INSTRUCTIONS TO FOLLOW >> Starting from the line with "The AXR-RF Radio" and going up to and including the line with "This photograph taken", copy the listing below exactly. Leave all images out.
-------- SOURCE MATERIAL
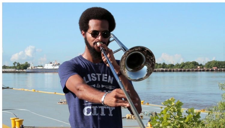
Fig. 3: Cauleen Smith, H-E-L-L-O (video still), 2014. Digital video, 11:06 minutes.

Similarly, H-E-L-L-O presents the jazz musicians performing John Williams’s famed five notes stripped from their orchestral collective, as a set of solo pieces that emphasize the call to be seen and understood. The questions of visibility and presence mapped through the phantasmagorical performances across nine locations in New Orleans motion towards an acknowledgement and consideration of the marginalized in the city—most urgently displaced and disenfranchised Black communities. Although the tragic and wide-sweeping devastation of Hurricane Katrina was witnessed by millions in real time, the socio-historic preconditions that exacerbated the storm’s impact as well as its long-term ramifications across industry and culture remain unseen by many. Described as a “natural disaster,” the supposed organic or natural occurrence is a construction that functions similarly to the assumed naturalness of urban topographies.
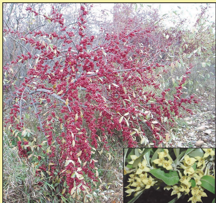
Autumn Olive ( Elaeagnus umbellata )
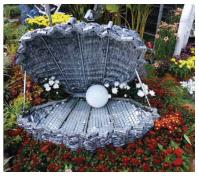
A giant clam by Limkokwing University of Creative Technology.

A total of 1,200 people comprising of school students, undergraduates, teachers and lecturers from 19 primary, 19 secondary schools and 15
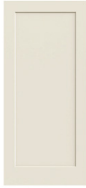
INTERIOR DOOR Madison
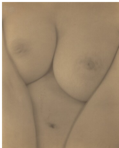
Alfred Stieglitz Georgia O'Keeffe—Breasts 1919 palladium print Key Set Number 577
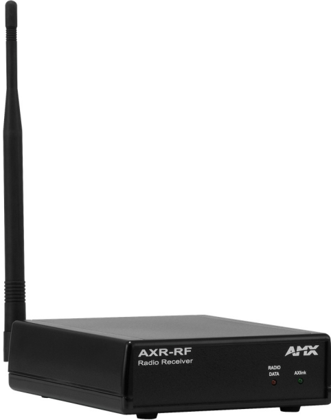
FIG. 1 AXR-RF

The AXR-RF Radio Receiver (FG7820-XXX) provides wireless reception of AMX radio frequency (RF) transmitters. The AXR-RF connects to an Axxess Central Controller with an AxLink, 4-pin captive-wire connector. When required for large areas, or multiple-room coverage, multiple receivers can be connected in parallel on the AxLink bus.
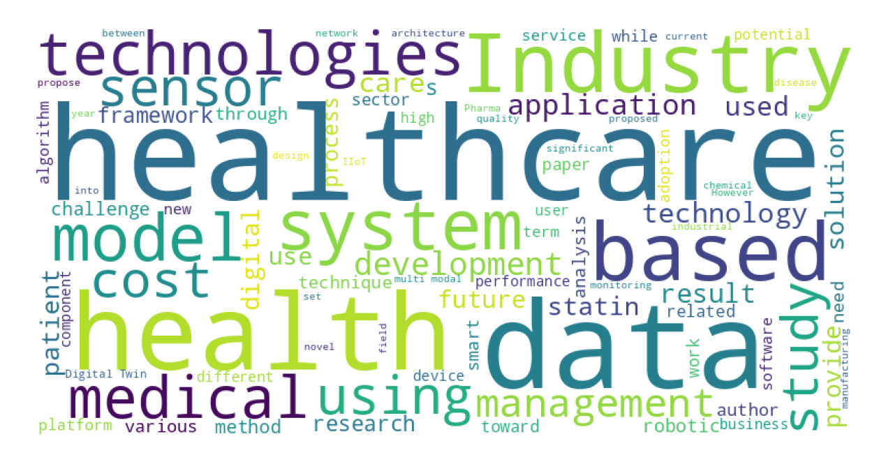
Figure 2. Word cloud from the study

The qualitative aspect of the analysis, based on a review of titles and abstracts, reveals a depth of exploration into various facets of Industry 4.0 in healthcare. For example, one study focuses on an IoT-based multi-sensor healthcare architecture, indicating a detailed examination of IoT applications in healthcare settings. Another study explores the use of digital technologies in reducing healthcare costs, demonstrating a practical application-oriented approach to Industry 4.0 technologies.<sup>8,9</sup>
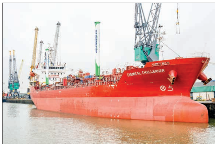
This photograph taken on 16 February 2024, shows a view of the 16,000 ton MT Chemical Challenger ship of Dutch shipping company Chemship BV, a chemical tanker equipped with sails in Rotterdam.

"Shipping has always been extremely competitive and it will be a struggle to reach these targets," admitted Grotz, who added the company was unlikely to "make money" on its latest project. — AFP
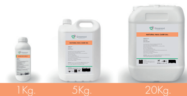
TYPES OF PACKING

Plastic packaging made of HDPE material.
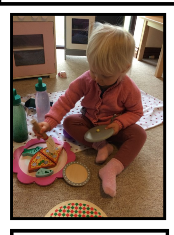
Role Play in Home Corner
----------------
-------- SOURCE MATERIAL
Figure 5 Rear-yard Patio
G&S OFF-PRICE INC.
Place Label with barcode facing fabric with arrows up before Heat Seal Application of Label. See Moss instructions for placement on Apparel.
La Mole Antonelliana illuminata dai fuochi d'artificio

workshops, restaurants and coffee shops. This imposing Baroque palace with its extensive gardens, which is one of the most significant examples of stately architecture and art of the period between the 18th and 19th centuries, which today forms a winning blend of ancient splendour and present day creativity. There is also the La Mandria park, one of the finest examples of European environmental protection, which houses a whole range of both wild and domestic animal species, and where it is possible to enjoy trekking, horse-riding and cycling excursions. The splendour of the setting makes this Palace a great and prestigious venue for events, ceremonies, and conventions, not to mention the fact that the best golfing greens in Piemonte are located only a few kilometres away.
----------------
-------- SOURCE MATERIAL
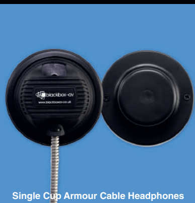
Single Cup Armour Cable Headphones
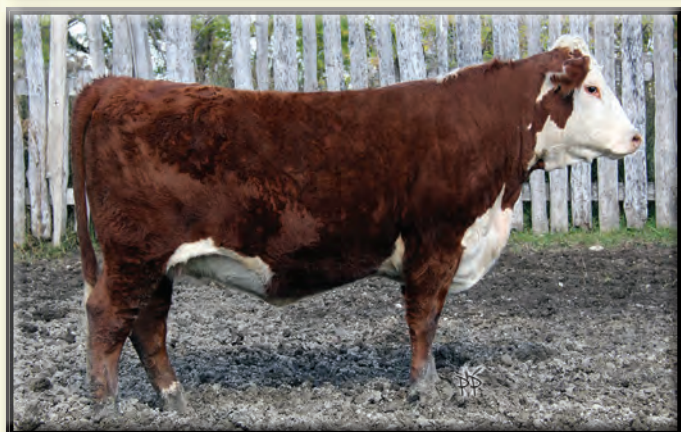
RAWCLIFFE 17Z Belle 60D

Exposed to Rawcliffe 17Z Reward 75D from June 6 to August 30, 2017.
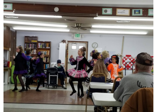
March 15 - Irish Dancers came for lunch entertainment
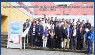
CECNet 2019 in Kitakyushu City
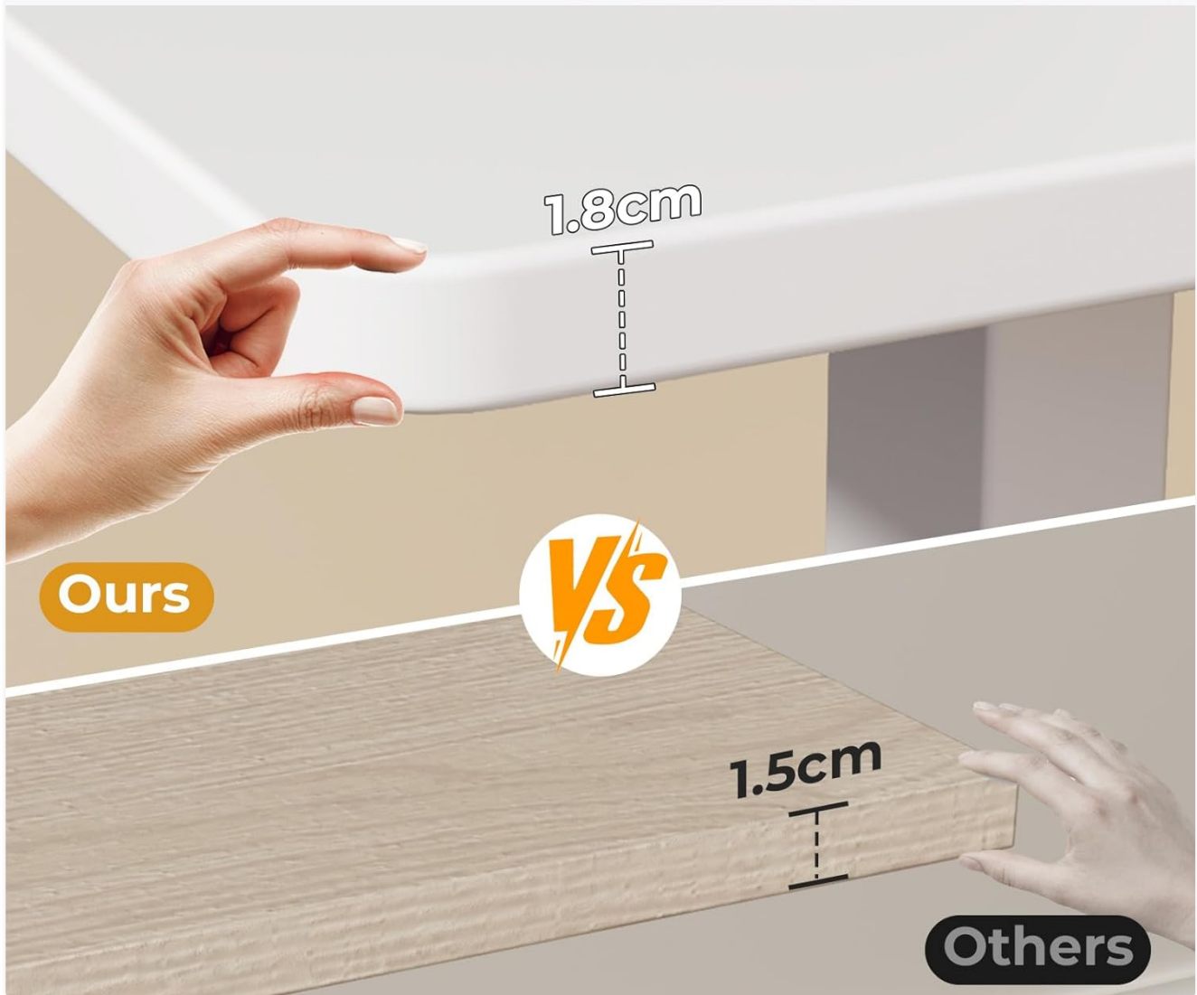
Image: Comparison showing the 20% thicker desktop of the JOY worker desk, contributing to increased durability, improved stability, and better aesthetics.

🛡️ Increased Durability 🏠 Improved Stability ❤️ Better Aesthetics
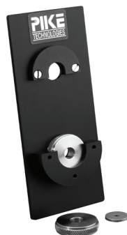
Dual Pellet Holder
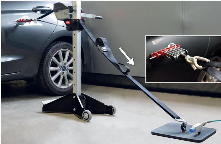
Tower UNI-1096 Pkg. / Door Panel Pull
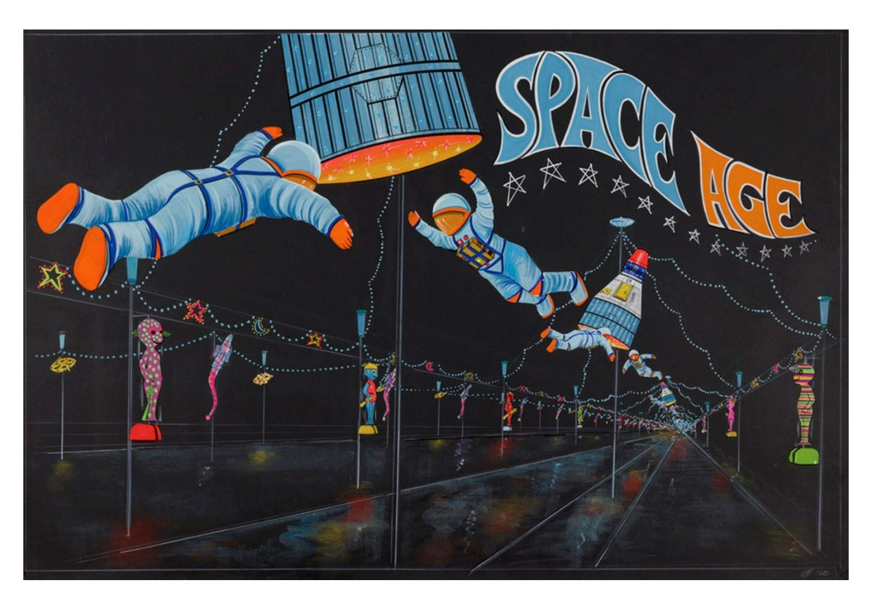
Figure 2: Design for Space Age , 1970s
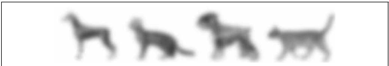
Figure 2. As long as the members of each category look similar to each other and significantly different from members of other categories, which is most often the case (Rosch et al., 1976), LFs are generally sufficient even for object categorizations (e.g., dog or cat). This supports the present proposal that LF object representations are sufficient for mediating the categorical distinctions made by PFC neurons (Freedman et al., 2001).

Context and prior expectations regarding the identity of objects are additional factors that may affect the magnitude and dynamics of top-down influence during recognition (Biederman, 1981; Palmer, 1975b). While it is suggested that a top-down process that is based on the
----------------
RESPONSE BELOW >>
The AXR-RF Radio Receiver (FG7820-XXX) provides wireless reception of AMX radio frequency (RF) transmitters. The AXR-RF connects to an Axxess Central Controller with an AxLink, 4-pin captive-wire connector. When required for large areas, or multiple-room coverage, multiple receivers can be connected in parallel on the AxLink bus.
Figure 2. Word cloud from the study

The qualitative aspect of the analysis, based on a review of titles and abstracts, reveals a depth of exploration into various facets of Industry 4.0 in healthcare. For example, one study focuses on an IoT-based multi-sensor healthcare architecture, indicating a detailed examination of IoT applications in healthcare settings. Another study explores the use of digital technologies in reducing healthcare costs, demonstrating a practical application-oriented approach to Industry 4.0 technologies.<sup>8,9</sup>
This photograph taken on 16 February 2024, shows a view of the 16,000 ton MT Chemical Challenger ship of Dutch shipping company Chemship BV, a chemical tanker equipped with sails in Rotterdam.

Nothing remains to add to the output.